Frank Brangwyn was born in Bruges, Belgium, the son of an English father and Welsh mother. The family returned to London in 1874, Brangwyn’s father gaining work as a designer of buildings, embroideries and furniture. Although Brangwyn appears to have had little formal education, whether academic or artistic, his earliest mentors were three of the most influential men in design at the turn of the century: Arthur Heygate Mackmurdo, William Morris and Siegfried Bing. Between 1884 and 1887 Brangwyn travelled to Kent, Cornwall and Devon, before venturing further with trips to Turkey in 1888, South Africa in 1891, Spain in 1892 and Morocco in 1893.
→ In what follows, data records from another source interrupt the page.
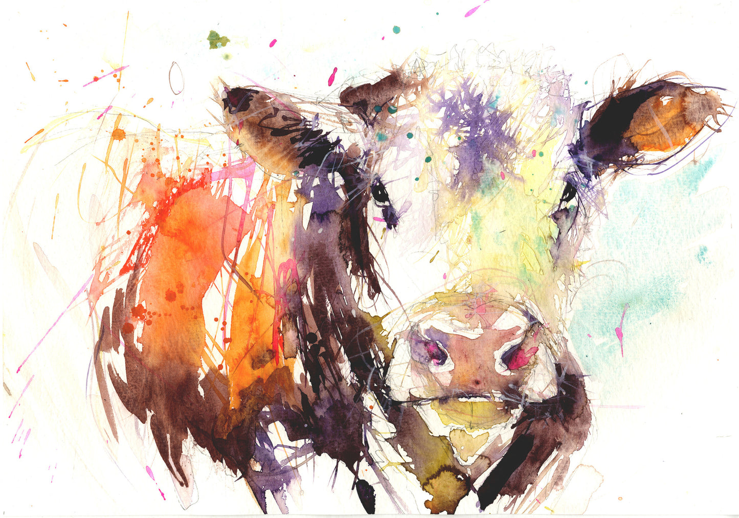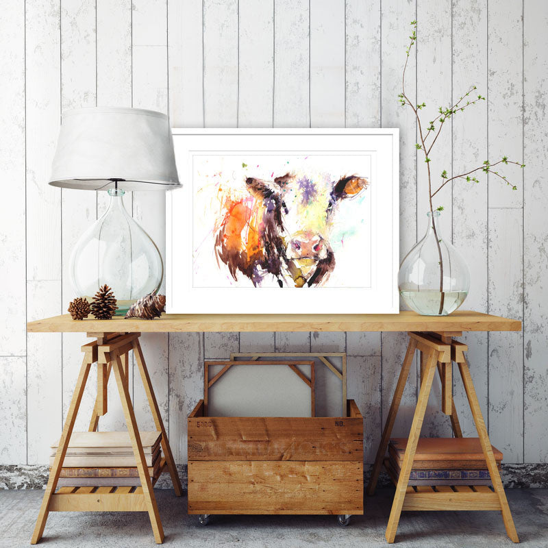 Contemporary limited edition signed cow print (you will receive one of 250) of my original watercolour painting on 315gm acid-free archival quality water-colour paper.
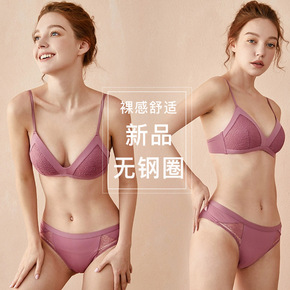 新款性感舒适无钢圈文胸法式蕾丝微聚拢胸罩性感薄款内...
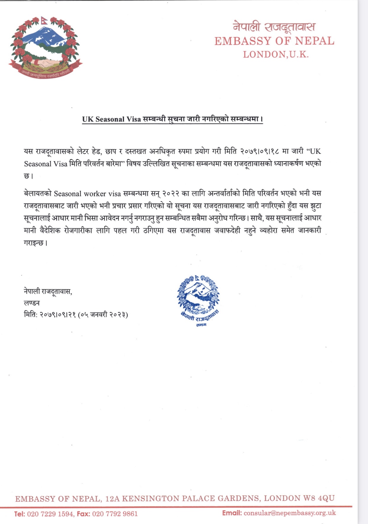 गत पौष १८ गतेका दिन ‘यूके सिजनल भिसा मिति परिवर्तनबारेमा’ भन्दै दूतावासको लेटरहेड, छाप र दस्तखतसहितको एक फर्जी सूचना प्रकाशित भएको थियो ।
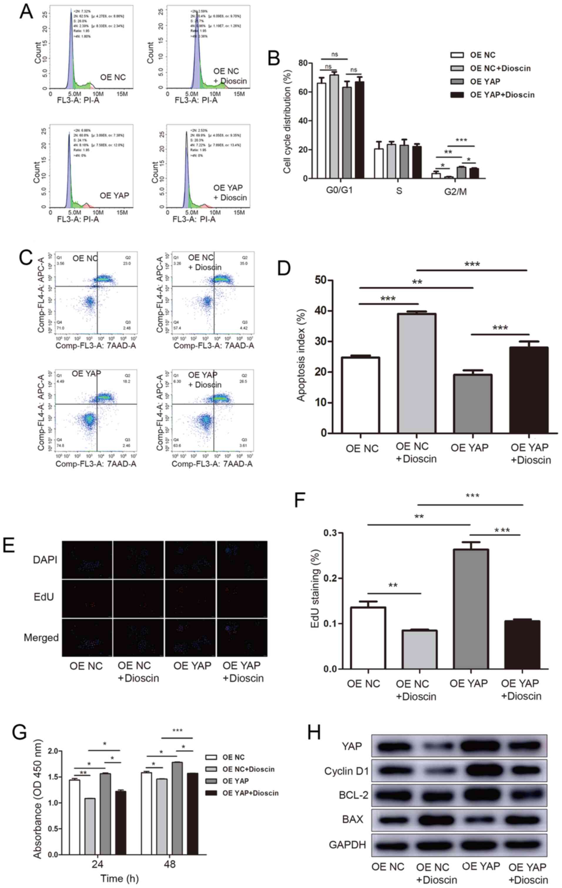 Subsequently, the expression levels of YAP, cyclin D1, BCL-2 and BAX were measured. Similarly, the combination of dioscin treatment and YAP knockdown led to more notable suppressive effects on protein expression compared with either intervention alone. However, the expression levels of the proapoptotic protein BAX displayed the opposite trends (Fig. 5H).
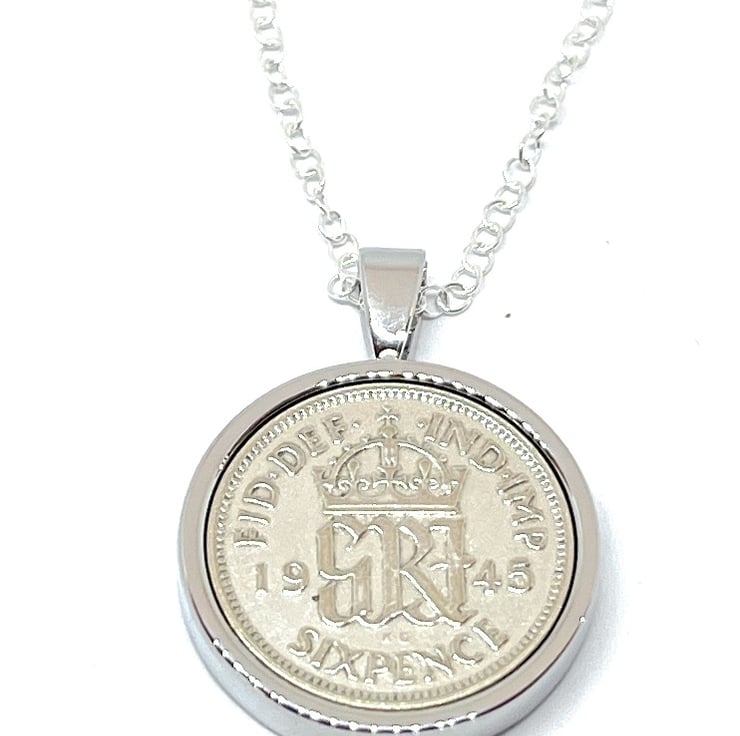 1945 80th Birthday Anniversary Sixpence coin in a Silver Plated Pendant mount
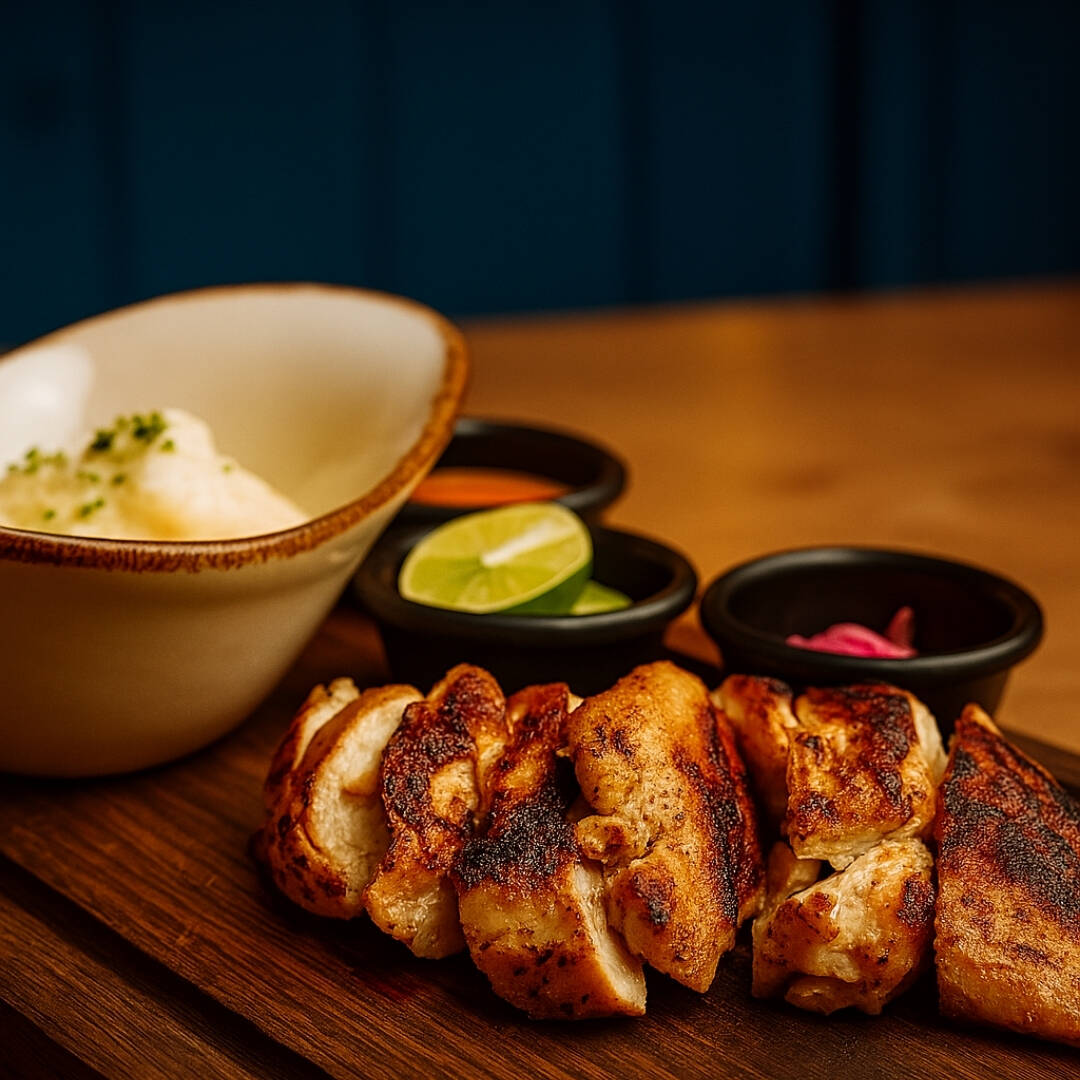 Jugosa pechuga de pollo sazonada y con un complemento a elegir.
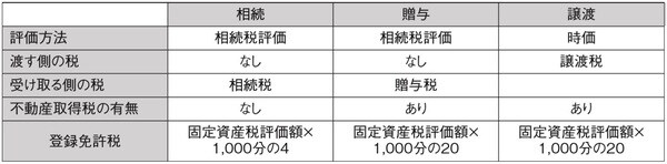 [図表]は、相続、贈与、譲渡(売買)のときにかかる税の比較です。相続の場合は不動産取得税はかかりませんが、贈与、譲渡(売買)のときはかかります。不動産の登記を行う際の登録免許税の税率も変わります。これだけを見ると、相続、贈与、譲渡(売買)のなかで相続が有利に見えますが、ケースバイケースで贈与、譲渡(売買)が有利な場合があります。
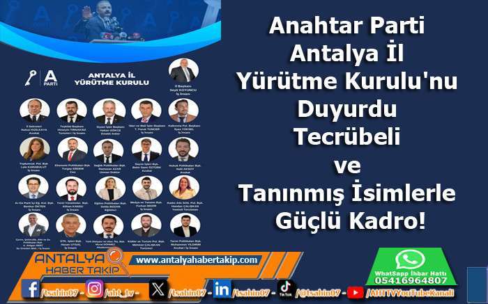 Anahtar Parti Antalya İl Yürütme Kurulu'nu Duyurdu: Tecrübeli ve Tanınmış İsimlerle Güçlü Kadro!
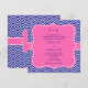 Padrão de fêmur azul marinho monograma com sotaque rosa quente. Convites de casamento.
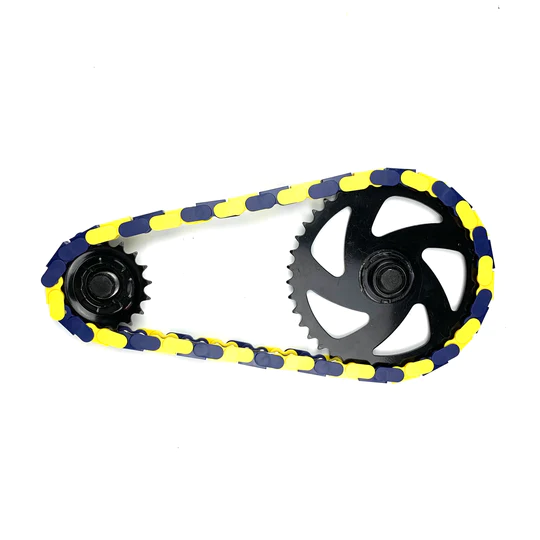The alternative to a regular-looking bicycle chain. We now have a plastic "cap" that snaps right over your
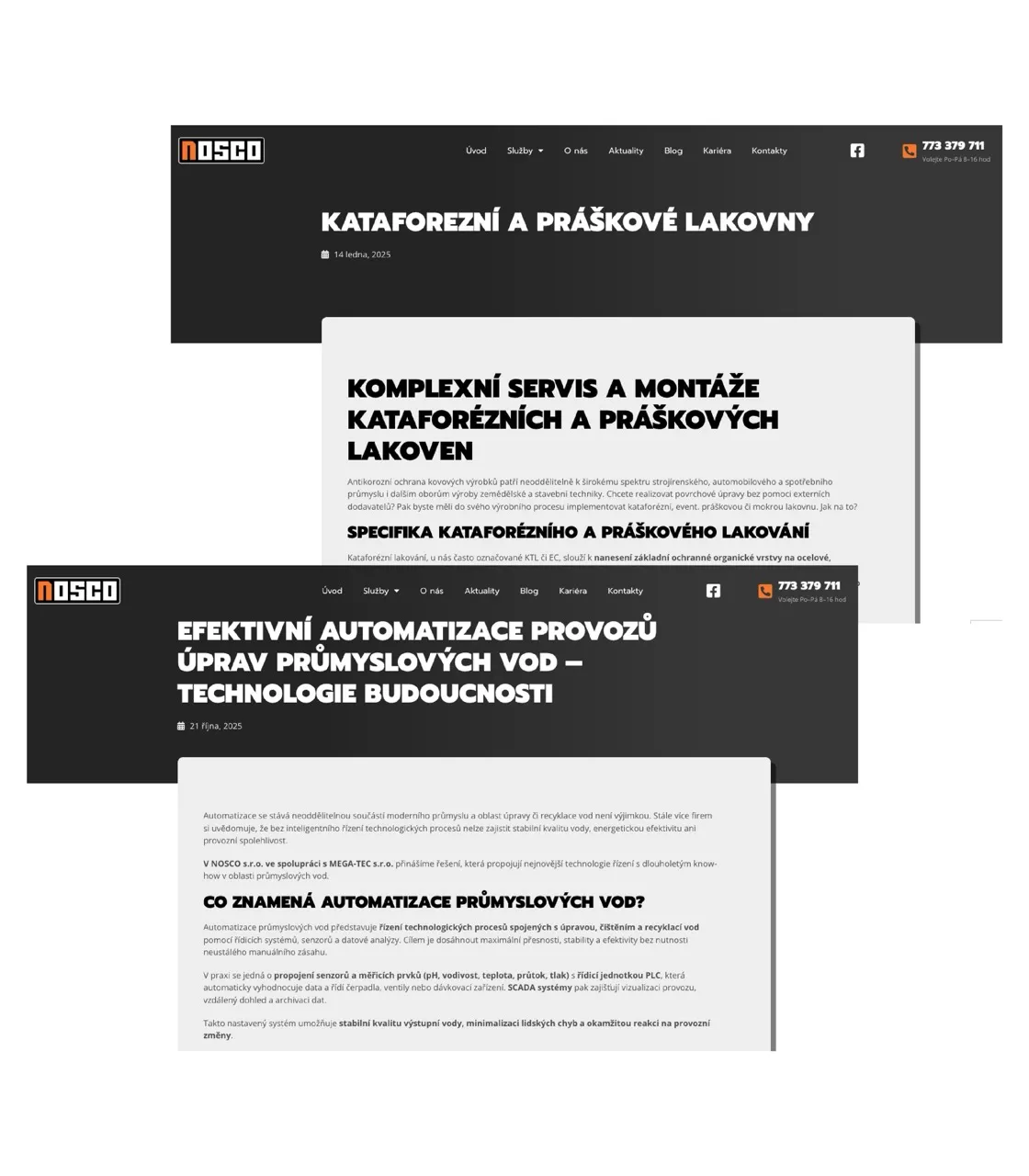 Společně s zástupci firmy jsme připravili tematické články s představením hlavních služeb společnosti a jejich vysvětlením pro příp. zájemce. Cílem byla podpora organické dohledatelnosti a podpora autority webu ve vyhledávání.

Brangwyn was an independent artist, an experimenter and innovator, capable of working on both large and small scale projects, ranging from murals, oil paintings, watercolours, etchings, woodcuts and lithographs to designs for architecture, interiors, stained glass, furniture, carpets, ceramics and jewellery, as well as book illustrations, bookplates and commercial posters. It is estimated that he produced over 12,000 works during his lifetime. Mural commissions included the Worshipful Company of Skinners, London (1902-09), St Aidan’s church, Leeds (1908-16), Manitoba Legislative Building, Winnipeg, Canada (1918-21), Christ’s Hospital, Horsham (1912-23), State Capitol, Jefferson City, USA (1915-25), the British Empire panels, Swansea (1925-32), and Rockefeller Center, New York (1930-34). Brangwyn married Lucy Ray in 1896 and took on the lease of Temple Lodge, Hammersmith, in 1900. In 1918 the artist purchased The Jointure, Ditchling, where he spent most of his time following his wife’s death in 1924. Elected RA in 1919, knighted in 1924, holder of countless artistic awards, Brangwyn was modest about his singular achievements, regarding art as an occupation and describing himself as a designer.